A Stacked Sequence Structure, or SSS, is a set of subdiagrams represented by numerical indices that executes in order of the indices. Since LabVIEW 2014 it has been removed from the Structures palette and is considered deprecated. However, due to software in older versions of LabVIEW using the structure, it has not been removed from the development environment nor from the run-time engine. Therefore, the code will still show the stacked sequence structure where used.

In most cases better code organization (including SubVIs, proper design patterns, and/or frameworks) will negate the need for a stacked sequence structure. In some cases where sequential code execution is still necessary, it can be handled using the squencer pattern variation of the state machine design pattern. The exact reasoning why the sequencer pattern can be argued to be better is due to its extensibility and readability over the stacked sequence structure.

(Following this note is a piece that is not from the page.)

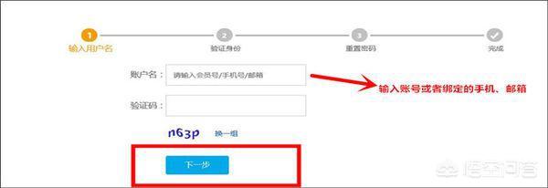 3.输入账号绑定的手机或者邮箱,点击【下一步】;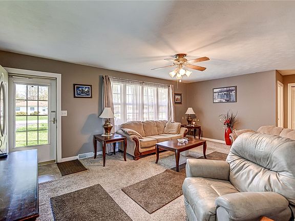 East side ranch ready to call home! This home offers two garages and an extra shed for plenty of storage. Large deck off kitchen area is the perfect place to entertain and take in the quiet. Home backs to fields for plenty privacy. Laundry currently in attached garage but hookups are already in place in bedroom (hardwood floor) for a buyers preference of laundry location. HVAC upgraded in 2021. Property is wired for Robot lawnmower (robot mower negotiable).East in kitchen with new countertops & upgraded cabinets with pantry. Just minutes to shopping and dining!

The stacked sequence structure has some severe disadvantages with the three most prominent:[1]

  1. Passing data from "case" to "case" requires sequence locals. These are no-gos for code design.
  2. You can see only a fraction of code at one view. While this is true for other structures (case, event), the SSS does not provide the flexibility and power of the other structures.
  3. Speaking of flexibility: The SSS has a strict order of execution. If you want to swap "cases", you often have VERY much to do in the code to make it work. Adding new "cases" is also very often close to nightmare.